L’histoire commence avec un cliché. Nous sommes en mai 2016 à San Francisco. J’y habite depuis un an et demi dans une chambre qui s’ouvre, d’un côté, sur le garage d’une grande maison victorienne, et donne, de l’autre sur un petit jardin envahi de végétation.


C’est une soirée de mai 2016 comme une autre. La journée n’a été ni trop chaude, ni trop froide, mais douce et ensoleillée. Je suis avec des amis français expatriés comme moi et nous écoutons de la musique. Peut-être que plus tard nous irons au “Revolution Cafe” voir le groupe du soir. Rien de certain.


Ce soir-là, Hadrien, co-fondateur de Musicae avec Aymeric et moi, prend les manettes de Spotify et joue un morceau de musique classique. C’est un impromptu de Schubert. Les impromptus de Schubert, je les connais bien. J’étais adolescent lorsque je les ai découverts pour la première fois. Ce soir-là, cependant, à San Francisco, cette musique qui m’est pourtant si familière, je ne la reconnais pas tout à fait. Les notes, la mélodie, sont les mêmes, mais elles ne sonnent pas de la même manière. Il y a quelque chose dans l’intention et l’expressivité qui me perturbent. Moi qui m’attendais à être en terrain connu, je navigue avec surprise en eaux inconnues.


Mon premier réflexe est le rejet. Les impromptus de Schubert, je les ai en tête, et je sais comment je veux les entendre. Et ce n’est pas comme ça. Cependant, les mesures passent. Le thème revient avec plus de force. Il me bouleverse. Le pianiste communique quelque chose qui finit par m’intriguer et brise une à une mes barrières. Jusqu’au beau.


“Qui joue ?” demande-je à Hadrien.


“Mitsuko Uchida”


Le nom ne m’évoque rien. Je vis dans un monde certain dans lequel les impromptus de Schubert sont interprétés par Andras Schiff. C’est la version que j’avais chez moi adolescent, et c’est la seule que je connais.


“Mitsuko Uchida…”


Je me répète le nom silencieusement. J’insiste pour qu’on passe la version d’Andras Schiff. J’ai envie de comparer. J’ai envie de comprendre. Autre version, autre musique. C’est différent. Mais différent comment ? Cette version est-elle meilleure que l’autre ? Je n’arrive pas à me décider. Les deux versions sont distinctes, singulières, comme deux manières de raconter la même histoire, et chacune réveille des parties distinctes, mais également intenses, de ma sensibilité.


Et c’est alors que je suis pris de vertige. Schiff, Uchida, et tous les autres. Combien de pianistes ont interprété les impromptus de Schubert ? Combien d’histoires existe-il de cette même oeuvre ? La liste des interprètes est longue, elle n’en finit pas de grandir, et chacun narre à sa manière le même texte. Ce sont les mille-et-une nuits.

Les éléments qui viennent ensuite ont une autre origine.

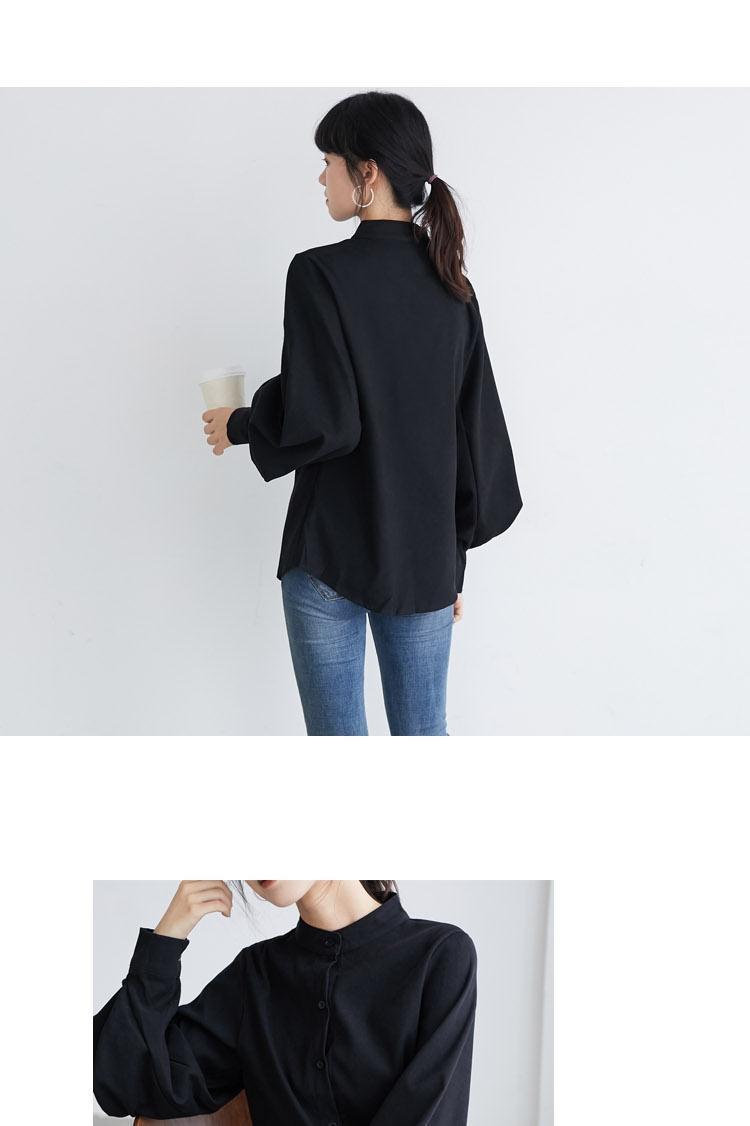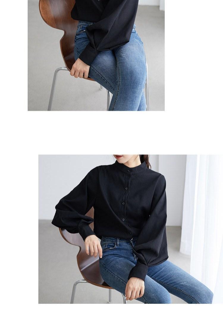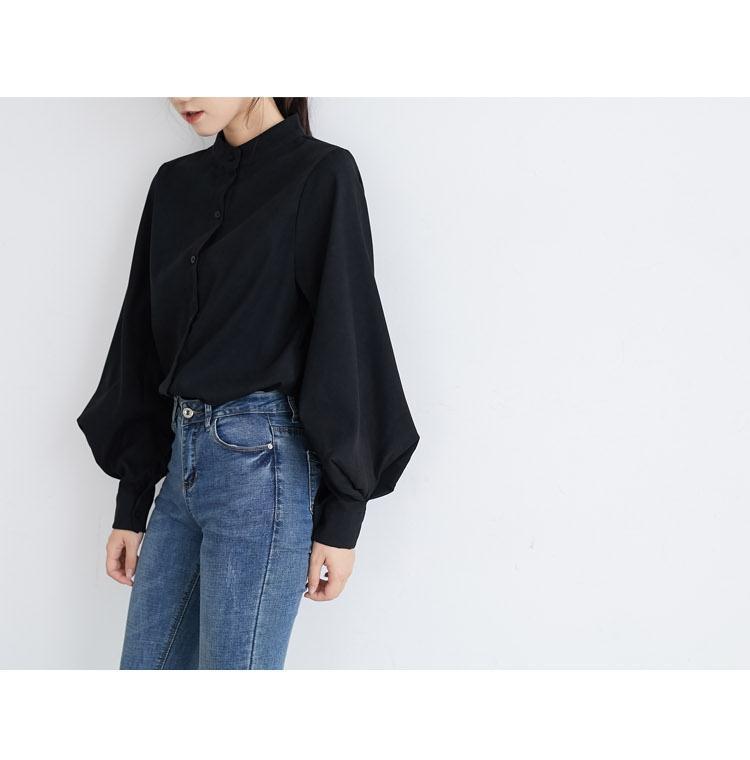 Camisa negra de cuello alto para mujer, diseño nicho, camisa de temperamento francés maduro, top de manga farol estilo retro de Hong Kong

Mais où trouver toutes les versions ? Peut-on toutes les écouter ? Par où commencer ?


Musicae venait de naître sous mes yeux sans même que je le sache. Les jours passent et la question reste sans réponse. Nous sommes deux maintenant avec Hadrien à nous la poser : où trouver facilement d’autres versions des impromptus ? Et par extension, où trouver toutes les versions disponibles d’une même œuvre ? Et qui sera capable de nous aiguiller ?


Nulle part et personne.


Comme il n’y a pas de solution toute faite à ce problème, nous décidons de nous la fabriquer. Nous jetons par écrit l’idée de base de Musicae : construire un catalogue de la musique classique permettant d’y accéder par compositeurs, œuvres et versions. Et une fois que ce catalogue serait construit, catégoriser — sans hiérarchiser — les versions pour en faciliter l’accès. Et une fois que ce travail serait fait, raconter des histoires sur les interprètes, les œuvres, les compositeurs, parce qu’au fond, c’est ça la nature même de la musique : une histoire qu’on continue de se raconter.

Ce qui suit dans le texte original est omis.